Execution

Bytewax allows a dataflow program to be run using multiple processes and/or threads, allowing you to scale your dataflow to take advantage of multiple cores on a single machine or multiple machines over the network.

A worker is a thread that is helping execute your dataflow. Workers can be grouped into separate processes, but refer to the individual threads within.

Bytewax's execution model uses identical workers. Workers execute all steps in a dataflow and automatically trade data to ensure the semantics of the operators. If a dataflow is run on multiple processes, there will be a slight overhead added to aggregating operators due to pickling and network communication.

Bytewax gives you a few entry points with different APIs and trade-offs in parallelism. Achieving the best performance of your dataflows requires considering the properties of your logic, input, and output. We'll give an overview and some hints here.

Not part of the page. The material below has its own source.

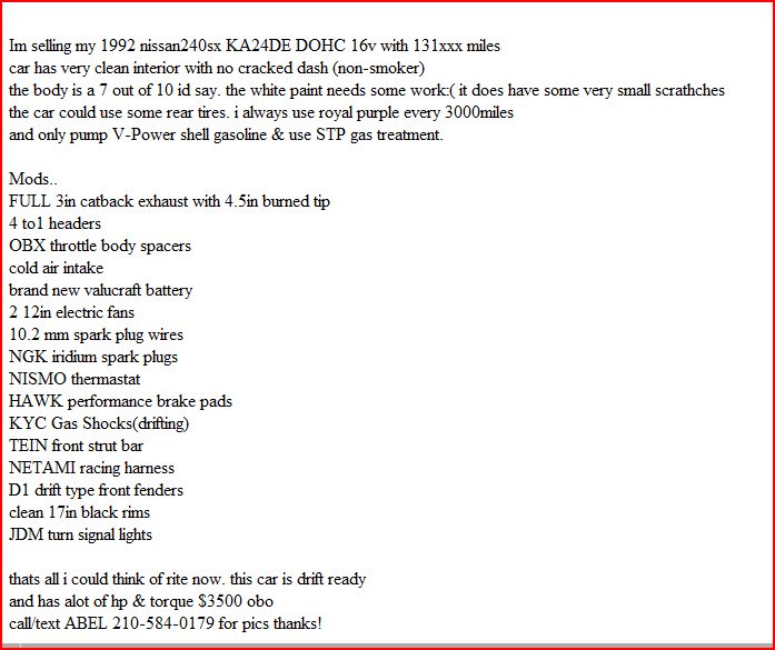 Drift ready, with 3 inch exhaust... why would we need that? Not to mention a burnt tip, i will work on a pic, im sure it is a monstrosity. You should have seen this poor miata we looked at last night. Had the fenders hammered out and dremeled to fit 0 offset wheels that were no longer on the car.

See our API docs or docstrings for a detailed description of arguments to these entry points.

Single Worker Run

The simplest entry point is bytewax.run(). It will run your dataflow on a single worker in the current process. It has a simple iterator-based API takes an input iterator of (epoch, item) tuples and collects all output into a list of (epoch, item) tuples and returns it.

run() blocks until all output has been collected.

from bytewax import Dataflow, run


def input():
    for epoch, item in enumerate(range(3)):
        yield epoch, item


flow = Dataflow()
flow.map(lambda item: item + 1)
flow.capture()


for epoch, item in run(flow, input()):
    print(epoch, item)
0 1
1 2
2 3

run() is best used for testing dataflows or doing prototyping in notebooks.

Because it only uses a single worker, do not expect any speedup due to parallelism. run() collects all output into a list internally first, thus it will not support infinite, larger than memory datasets.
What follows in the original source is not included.